Tag Archives: NMJ

/** */

Condition Green

As many of you might already know, I was the late-stage PALS mentioned in the recent Genervon press release. I got interested in this drug some time ago, did some research on it and wrote a blog post about it. I had contacted the company, Genervon, to get information for my post. Thereafter, a dialogue was maintained regarding clinical trial status and future development plans. Being that I am a late stage PALS and still extremely active in awareness, advocacy, and science, they agreed to my request for compassionate use. It was another 9 months going through the process of authorization (mostly because my local hospital had never done anything like this before and together we created a new protocol).

During that time the Phase 2A results came out and I was given access to some of the data. Those, combined with my own experience, gave me the satisfaction that this drug was safe and quite likely effective. I share the concerns about trial size, but like all PALS am concerned for the time required to go through the usual phases of clinical trials. The clinical trial program actually has four parts:

  • Phase 1 – single dose usually in healthy subjects for gauging safety
  • Phase 2 – use in actual patients looking at safety and initial efficacy
  • Phase 3 – larger patient population with different doses, efficacy and SAEs
  • Phase 4 – market surveillance for adverse events

Not only does it take time to fully enroll and execute a large clinical trial but it takes even more time to secure the funding necessary to begin each phase. This is especially true in this current era of venture capital avoiding biotech investment.

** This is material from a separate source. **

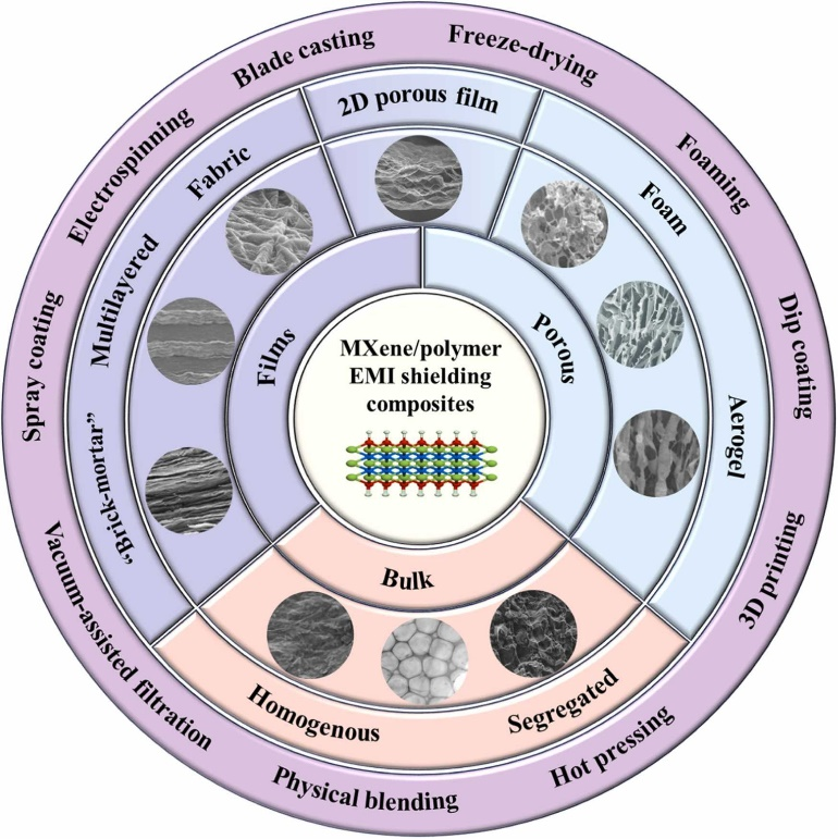 "Specific processing routes can greatly affect the microstructure of composites, and different structural design can improve the performance of composite materials or endow them new functions," explains the review’s senior and corresponding author, Xianhu Liu, a professor at the National Engineering Research Center for Advanced Polymer Processing Technology at Zhengzhou University. "It is crucial to ensure a strong interface bonding between MXene nanosheets and polymer matrix during the preparation of composite materials, which will significantly affect the electromagnetic shielding performance and application stability of the nanocomposite.”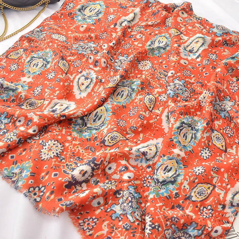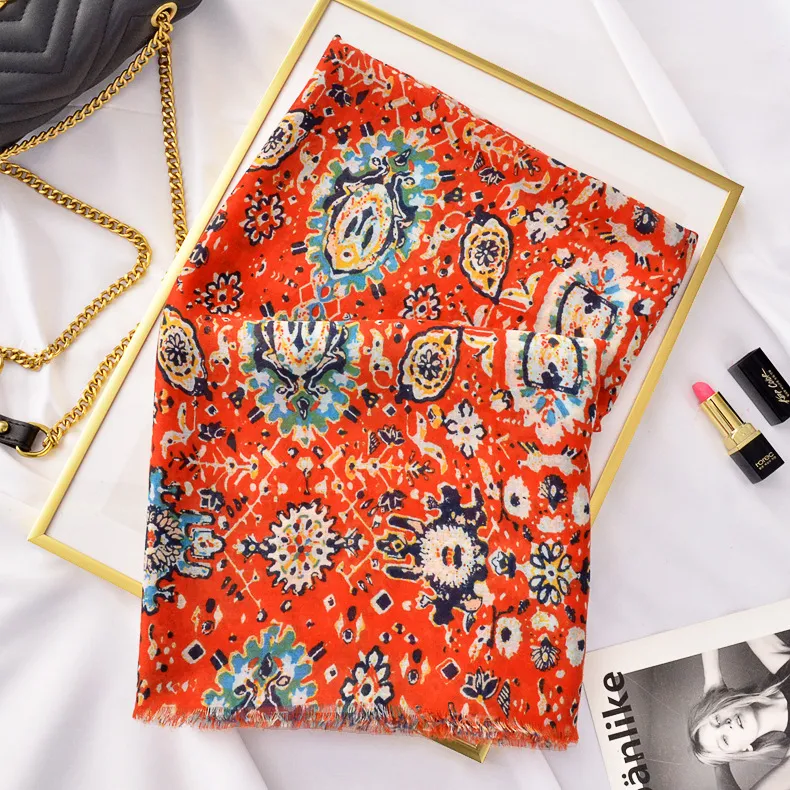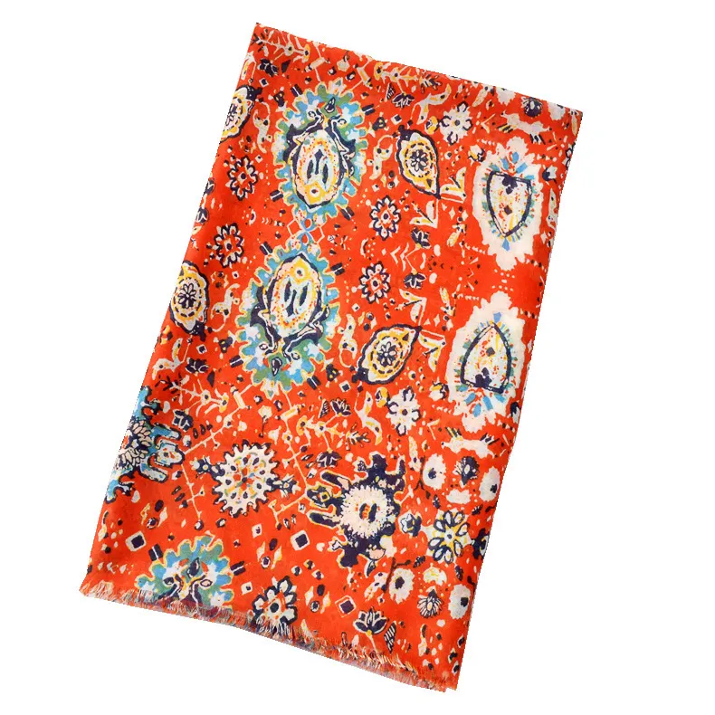 衣都精品- 2022冬季新款民族風腰果印花絲巾

I have helped launch other initiatives to get PALS access to experimental treatments. It is critical that patients get more than one or perhaps two chances at early access to treatment while they are newly diagnosed. Drugs that are possibly effective must be made broadly available to patients who are facing otherwise-certain death. Based on the safety and the indication of efficacy in GM6 (mainly borne of my personal experience), I got behind the effort to seek what FDA calls Accelerated Approval so that many more PALS can try it and see where it takes us. Accelerated Approval requires full data surveillance for efficacy, not just serious adverse events (SAEs). The efficacy data determines whether final approval is made. Basically, Accelerated Approval is like a Phase 3 where patients/insurance pay for participation. I believe all PALS would gladly participate in such a program.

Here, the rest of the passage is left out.